We adjusted for multiple potentially confounding factors in our analysis. This study indicated that numerous factors (such as age, BMI, WC, smoking status, metabolic syndrome and family history of some diseases) correlated positively with NAFLD. We used crude model (model 1) first and results showed negative association between height and NAFLD in both males and females. It is well-recognized that NAFLD and height are related to age and WC [24, 25], so we adjusted for these two variables in model 2. Adjustment for age and WC made the associations in males more obvious compared with model 1; however, in females, this adjustment didn’t significantly influence the associations in model 1, leading us to conclude that age and WC are major confounding factors in males but not in females. Since NAFLD was associated with WC, smoking status, drinking status, metabolic syndrome, family history of cardiovascular disease, hypertension, hyperlipidemia and diabetes [26, 27], we additionally adjusted for these variables in model 3. After adjustments for these factors, the associations didn’t change significantly in both males and females, implying these factors may not confound the association between height and NAFLD. In model 4, the present study adjusted BMI and variables in model 3 to confirm the role of BMI in association between height and NAFLD. This adjustment made the association less obvious in both males and females, suggesting that BMI play an important role in association between height and NAFLD. In addition, because waist-to-height ratio has been reported to have a strong association with NAFLD [28], we further adjusted waist-to-height ratio in model 5. The enhanced associations indicated the confounding effect of waist-to-height ratio.

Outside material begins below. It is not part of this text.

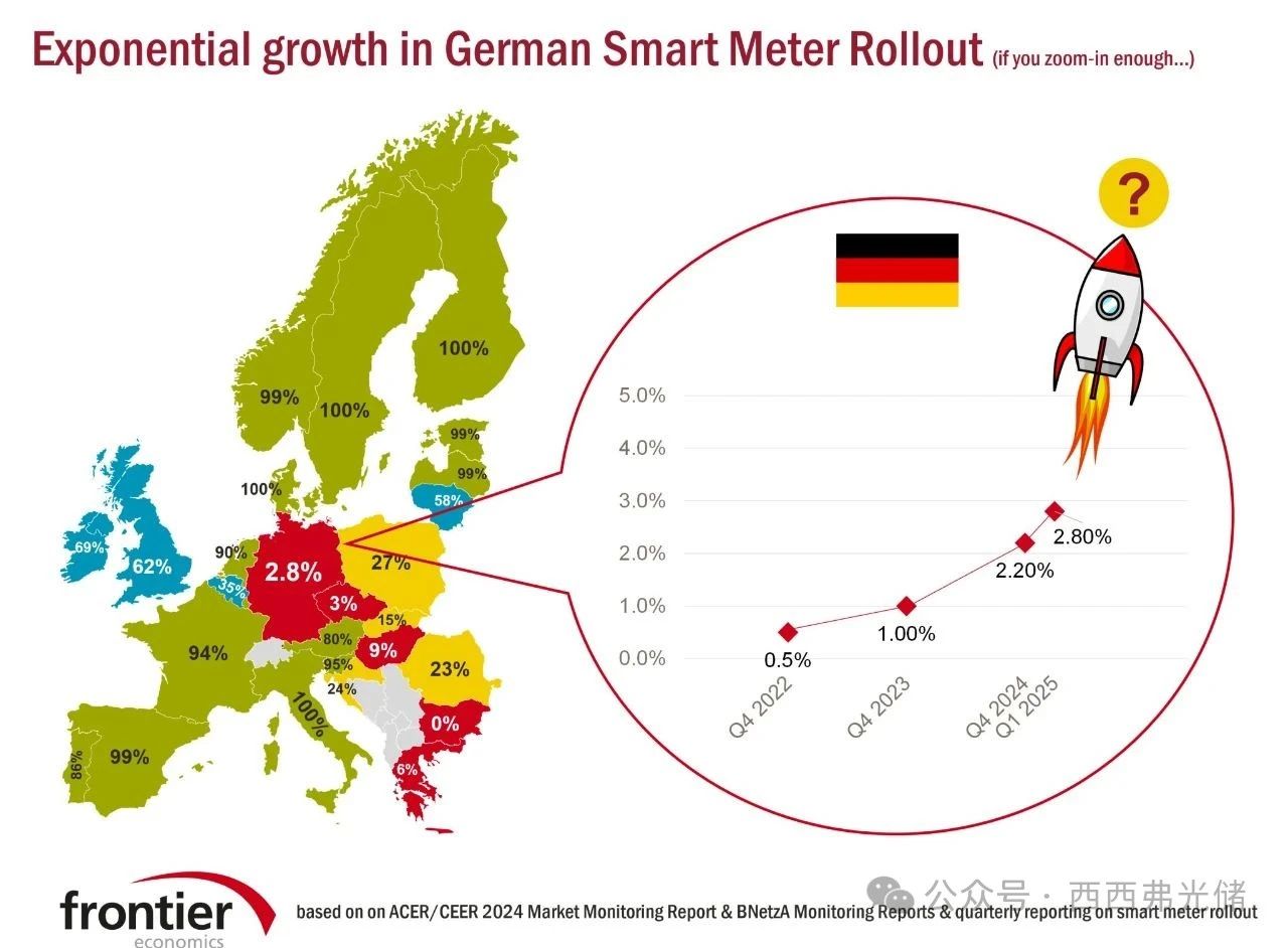 德国,作为欧洲工业强国和能源转型的倡导者,却在一个关键领域——智能电表(Smart Meter)的推广上,陷入了令人费解的困境。截至2025年3月31日,德国的智能电表普及率仅为 2.8%,这一数字与瑞典、丹麦、意大利的接近100%、西班牙和挪威的99%、法国的94%以及英国的62%相比,形成了难以置信的差距。这种滞后不仅可能耗费数十亿欧元的额外成本,更严重的是,它正在成为拖慢整个国家能源转型进程、削弱电网稳定性的核心障碍。

To date, no studies have investigated the association between height and NAFLD. Several studies investigated the association between height and T2DM. Reports about the risk of T2DM and height have produced conflicting results [29, 30]. A meta-analysis showed negative association between height and risk of T2DM in woman only [31], whereas a cohort study of Finnish men showed adult height is associated with decreased risk of T2DM [1]. Since T2DM and NAFLD both result from metabolic dysregulation, these results are, to some extent, consistent with our novel findings that shorter people were associated with higher incidence of NAFLD. Compared to previous cohort studies using Chinese adults with overall incidence of NAFLD ranging from 15.2 to 24.8% [32], the overall incidence of NAFLD in our study is 17.4%, consistent with previous studies.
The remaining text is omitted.